Assigneenot available in USPTO data we have

Inventorsnot available in USPTO data we have

Technical Abstract

An audio encoder can parse a digital audio signal into a plurality of frames, each frame including a specified number of audio samples, perform a transform of the audio samples of each frame to produce a plurality of frequency-domain coefficients for each frame, partition the plurality of frequency-domain coefficients for each frame into a plurality of bands for each frame, each band having a reshaping parameter that represents a time resolution and a frequency resolution, and encode the digital audio signal to a bit stream that includes the reshaping parameters. For a first band, the reshaping parameter can be encoded using a first alphabet size. For a second band, the reshaping parameter can be encoded using a second alphabet size different from the first alphabet size. Using different alphabet sizes can allow for more compact compression in the bit stream.

Patent Claims

20 claims

Legal claims defining the scope of protection, as filed with the USPTO.

1. An encoding system, comprising: a processor; and a memory device storing instructions executable by the processor, the instructions being executable by the processor to perform a method for encoding an audio signal, the method comprising: receiving a digital audio signal; parsing the digital audio signal into a plurality of frames, each frame including a specified number of audio samples; performing a transform of the audio samples of each frame to produce a plurality of frequency-domain coefficients for each frame; partitioning the plurality of frequency-domain coefficients for each frame into a plurality of bands for each frame, each band having a reshaping parameter that represents a time resolution and a frequency resolution, encoding the digital audio signal to a bit stream that includes each band's reshaping parameter, wherein: for a first band, the reshaping parameter is encoded using a first alphabet size; and for a second band different from the first band, the reshaping parameter is encoded using a second alphabet size different from the first alphabet size; and outputting the bit stream.

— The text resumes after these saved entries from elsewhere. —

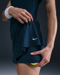 Made with super-smooth, ultra-stretchy fabric that dries quickly, this flouncy skirt makes it easy to focus on your swing. Built-in shorts with pockets offer storage for your essentials and coverage in all your stances. Benefits - Nike Dri-FIT technology moves sweat away from your skin for quicker evaporation, helping you stay dry and comfortable. - Drop-in pockets on both legs of inner shorts fit most phones. - Inner shorts let you tuck spare balls under the hem for convenient storage. Product Details - Body: 79% polyester/21% spandex. Rib: 88% polyester/12% spandex. Tight/Waist lining: 82% polyester/18% spandex.Gusset lining: 100% polyester. - Machine wash - Imported - Shown: Armory Navy/White - Style: FD5577-478 SIZE & FIT Model is wearing size S and is 5′10″178cm Standard fit: easy and traditional
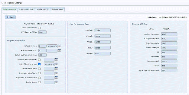 This tab allows the user to enter the various Sterile Trakks Program settings as it pertains to the facility.
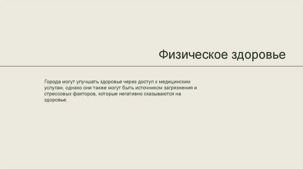 Физическое здоровьеГорода могут улучшать здоровье через доступ к медицинским
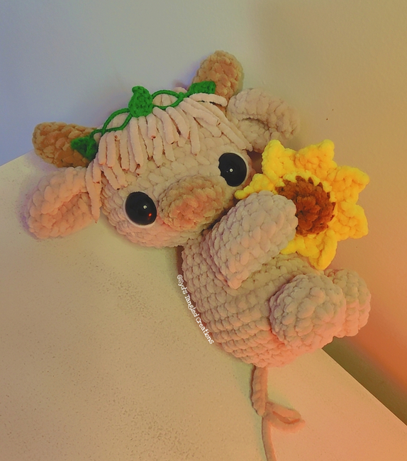 in this pattern you will learn how to make a sunflower highland cow !
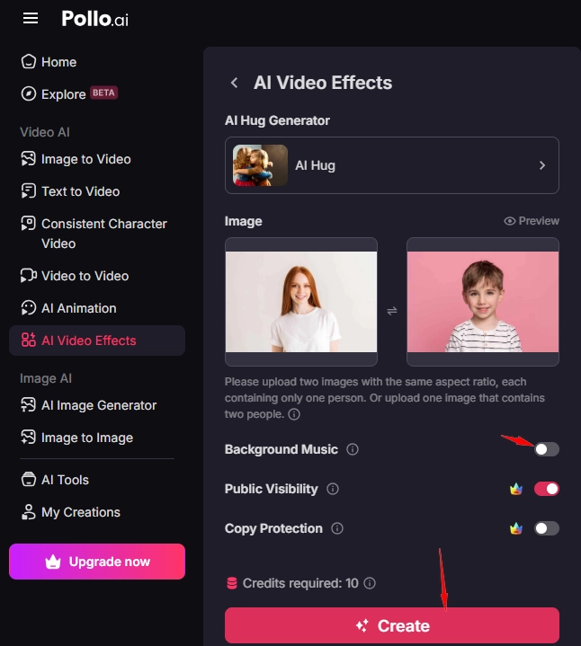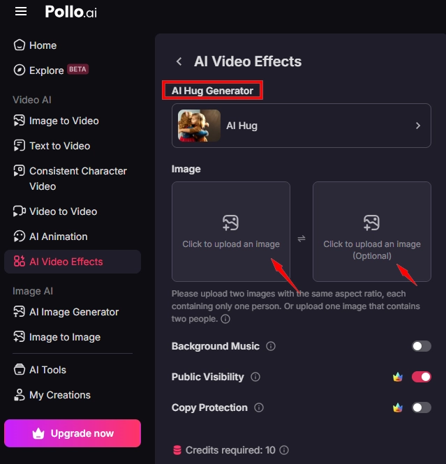 Step 1. Visit and log into the Pollo AI hug site, click to upload your photos.
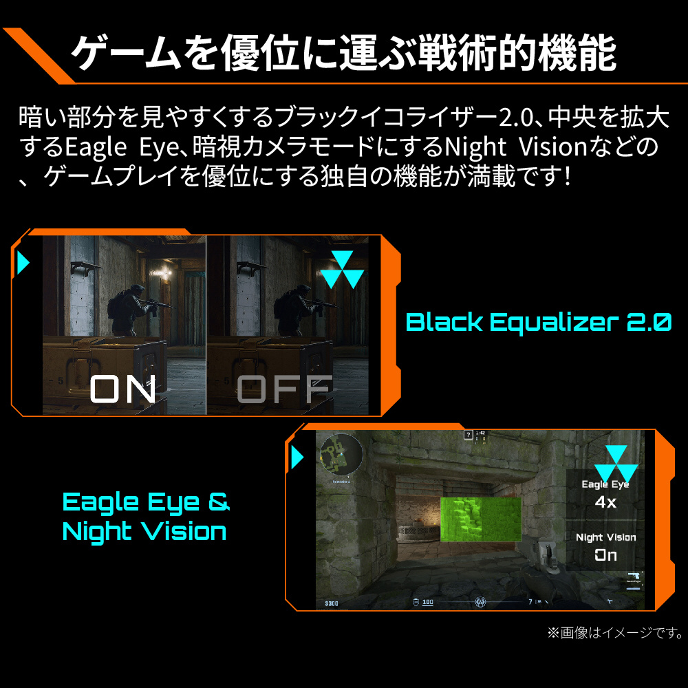 低照度環境下での視認性を強化し、細部を強調します。画面全体を露出しすぎることなく、最も深い闇に潜む敵を発見可能にします。
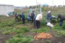 Өлкән сыйныф укучылары,укытучылар белән берлектә мәктәп бакчасында үскән кишер,кызыл чөгендер, ташкабак уңышын җыеп алдылар. Бәрәңгене сортларга аерып сакларга подвалга урнаштырдылар.Җыеп алган уңышыбызны саклыйк,ашханәдә витаминлы ризыклар белән тукланыйк!
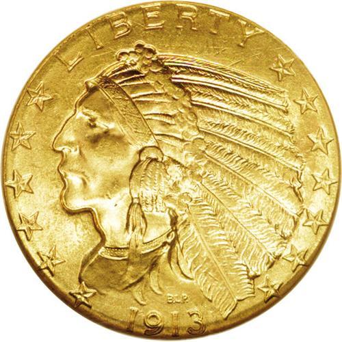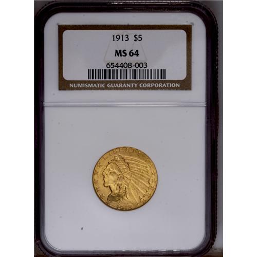 <B>1913<$5> MS64 NGC.</B></I> This example is seemingly near to a higher grade, blessed with a strong strike, lustrous straw-gold surfaces, and an absence of all but the most trivial abrasions on the obverse. This issue, along with a few others in the series with comparatively generous mintages, is a popular choice for a type set. NGC has graded 37 pieces finer (3/06). <BR><BR><B>Important notice:</B> Heritage usually auctions material at the rate of 200-250 lots per hour. On some occasions eBay Live bid software or the Internet may not be able to keep up with the pace of the auction. We recommend placing a realistic absentee bid now as insurance to avoid disappointment. Occasionally the auctioneer may eliminate or reject an eBay Live bid, and the auctioneer may also reopen a lot after the close of the eBay live bidding (usually because we missed an audience bid), and may reject your bid even if it shows you as the winning bidder. By bidding via eBay Live, you agree that Heritage may award the lot to another bidder at its sole discretion under the circumstances described above or any other reasonable circumstances. Since eBay bids are not shown to us until we open the lot on the floor, we treat those bids just like floor bids. In most cases the floor responds before the eBay bid is presented to us, due to Internet lag time, so for consistency we have made it a policy that floor bids are always considered first over tie eBay live bids. Also please note that all Heritage lots purchased through eBay Live carry a 20% Buyer's Premium. Please make sure you read the Terms and Conditions before you bid. This lot is being auctioned in conjunction with a live floor auction by Heritage Galleries & Auctioneers. All final auction and invoice information will be supplied by Heritage Galleries & Auctioneers, and all other information should be considered preliminary. Lot:2894 <BR><BR><B>Winning Notification and Billing:</B> After the FINAL session in this auction is complete, Heritage will send e-mail and snail mail invoices. This process normally takes several days. All final auction and invoice information will be supplied by Heritage Galleries & Auctioneers, and all other information should be considered preliminary. <BR><BR>This auction will be conducted on a live auction floor and over the Internet through eBay Live. If you choose to place an absentee bid, please take a moment to <font color='#0000ff'><u><a href='http://pages.ebay.com/liveauctions/help/before/laabsentee.html'>learn how eBay Live absentee bidding works</a></u></font><font color='#000000'>
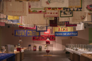 Pensar que la comida también nos come es como hacer un paso de realismo mágico y también una forma de considerar la agencia que tiene la comida en nuestro territorio y en convivencia con la experiencia humana. Y no siempre es un vínculo de maridaje. A veces, el perejil está marchito o no tenemos repasador y tenemos que buscar otra tela que nos permita secarnos las manos para seguir cocinando. La curadora habla del repasador como objeto transicional: ese objeto con el que empezamos y terminamos de cocinar. Entre las mesas largas -como columnas vertebrales o la nave central-, cuelga el Tendal de 100 repasadores, archivo al cuidado del Museo del Puerto de Ingeniero White. Todos los repasadores fueron donados por cocineras, cocineros, docentes y vecinos de Bahía Blanca. Entre ellos vemos: repasadores-calendario, repasadores-mapa, repasadores bordados. El repasador es también un lugar privilegiado para las imágenes de todos los días y es aquello que nos espera secándose cada noche permitiéndonos volverlos a usar.
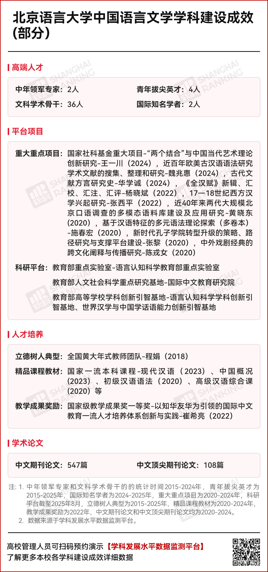 例如在高端人才方面,北京语言大学中文学科师资力量雄厚,拥有众多在我国中文研究领域发挥着领军作用的知名学者,其中文科学术骨干(2015-2024年)高达36人。
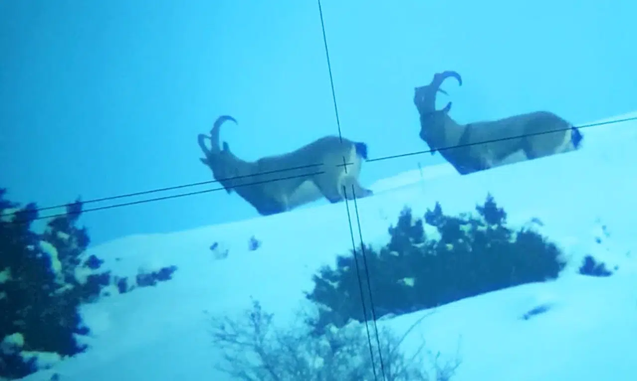 Murat SÖYLEMEZ/BAYBURT, (DHA)- BAYBURT’ta harita teknikeri Fatih Mehmet Daştan, Kop Dağı’nda çalışırken harita ölçüm cihazı kamerasıyla dağ keçilerini görüntüledi.
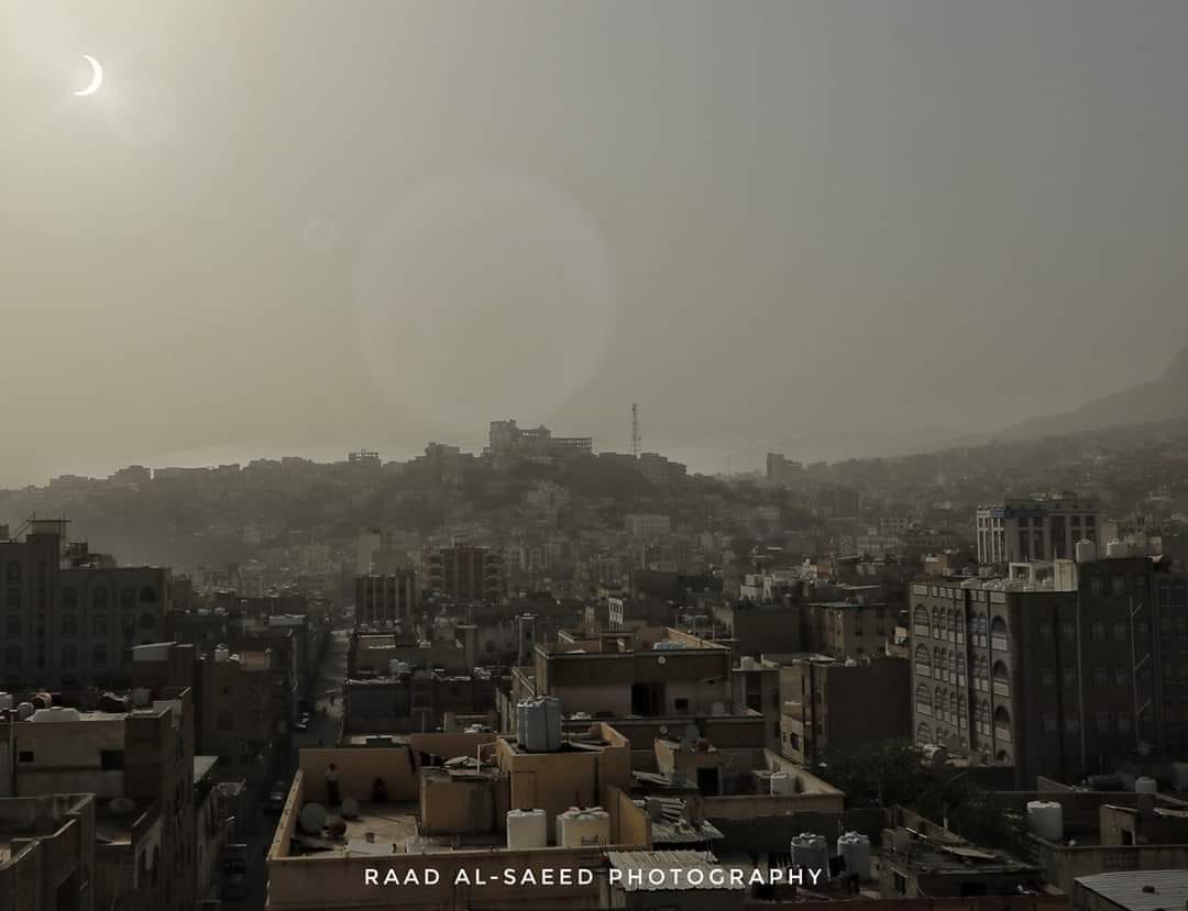 وأظهرت صورة محافظة تعز تغرق في الظلام صباح اليوم جراء كسوف الشمس.
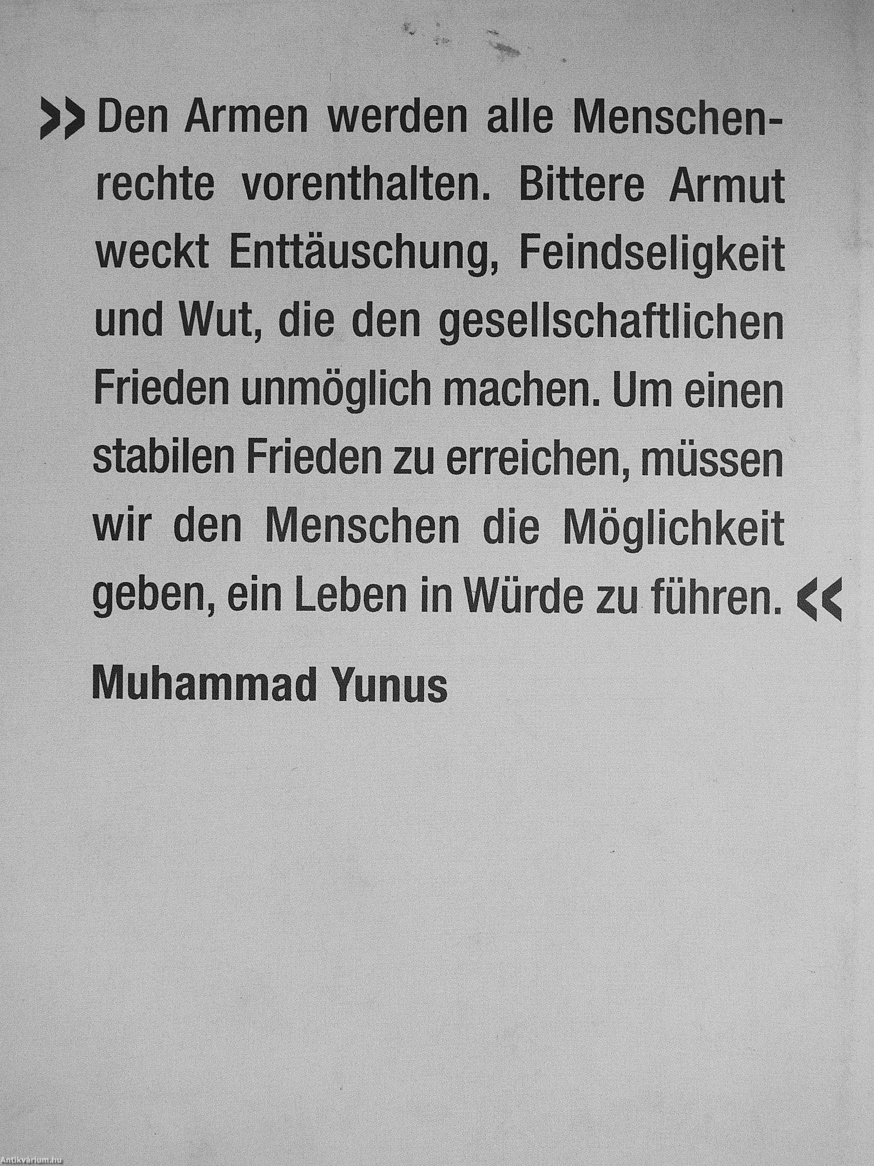 » Den Armen werden alle Menschenrechte vorenthalten. Bittere Armut weckt Enttäuschung, Feindseligkeit und Wut, die den gesellschaftlichen Frieden unmöglich machen. Um einen stabilen Frieden zu erreichen, müssen wir den Menschen die Möglichkeit geben, ein Leben in Würde zu führen.«

2. The encoding system of claim 1 , further comprising: adjusting a time resolution and a frequency resolution of each band of each frame, the first time resolution and the first frequency resolution being adjusted in a complementary manner by a magnitude described by the reshaping parameter, the reshaping parameter having a value that is an integer selected from one of a plurality of specified ranges of integers, wherein: the first alphabet size equals a number of integers in a first specified range of integers of the plurality of specified ranges of integers; and the second alphabet size equals a number of integers in a second specified range of integers of the plurality of specified ranges of integers.

3. The encoding system of claim 2 , wherein the first alphabet size is four, and the second alphabet size is five.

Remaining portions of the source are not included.